Он спросил громовым голосом:
– Кто вы? Откуда явились? Верно, без дела скитаетесь вы по морям, причиняя народам несчастья?
– Все мы греки, – отвечал Одиссей. – Держим путь на Итаку из Трои. Нас занесло сюда бурей. Мы – твои гости, и мы просим тебя не причинять нам зла. Тебе же известно: Зевс-громовержец беспощадно карает тех, кто поднял руку на добрых странников!
– Вот и видно, что ты – чужеземец, – расхохотался циклоп. – Напрасно ты думаешь, что боюсь я твоих богов! Мне нет дела до Зевса. Слышать о нем не хочу! И с вами я сделаю все, что мне заблагорассудится. Так и знай!
Одиссей похолодел. А циклоп так и впился своим единственным глазом ему в лицо:
– И что же, добрый странник, где оставил ты свой корабль?

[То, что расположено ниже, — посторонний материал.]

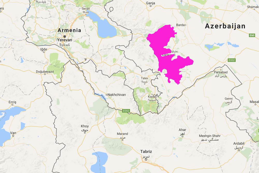 It is internationally recognised as being part of Azerbaijan but is run as an independent state by the Armenian ethnic majority. Not being a country, it isn’t marked on most maps and I have coloured it fuchsia on this Google map.
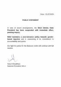 ଭୁବନେଶ୍ୱର: ଛାତ୍ର କଂଗ୍ରେସ ସଭାପତି ପଦରୁ ନିଲମ୍ବିତ ହେଲେ ଉଦିତ ପ୍ରଧାନ । ଦୁଷ୍କର୍ମ ଅଭିଯୋଗ ଆସିବା ପରେ ନିଲମ୍ବିତ ହୋଇଛନ୍ତି । ଏନେଇ ଏନଏସୟୁଆଇ ଜାତୀୟ ସଭାପତି ବରୁଣ ଚୌଧୁରୀ ସୂଚନା ଦେଇଛନ୍ତି । ପୀଡିତାଙ୍କ ବୟାନ ଆଧାରରେ ଗତକାଲି ଉଦିତ ପ୍ରଧାନଙ୍କୁ ଦୁଷ୍କର୍ମ ଅଭିଯୋଗରେ ଗିରଫ କରିଥିଲା ପୋଲିସ ।

«Так я тебе и сказал», – подумал Одиссей. А вслух соврал:
– Буря разбила мой корабль о прибрежные скалы. Нам едва удалось спастись. И вот мы здесь – я и мои двенадцать спутников.
– Двенадцать? – переспросил Полифем, усмехаясь.
Ничего не успел добавить Одиссей. Потому что циклоп протянул свои цепкие руки, схватил двоих его товарищей, поднял и ударил с размаху оземь. Да так, что они остались лежать недвижимы.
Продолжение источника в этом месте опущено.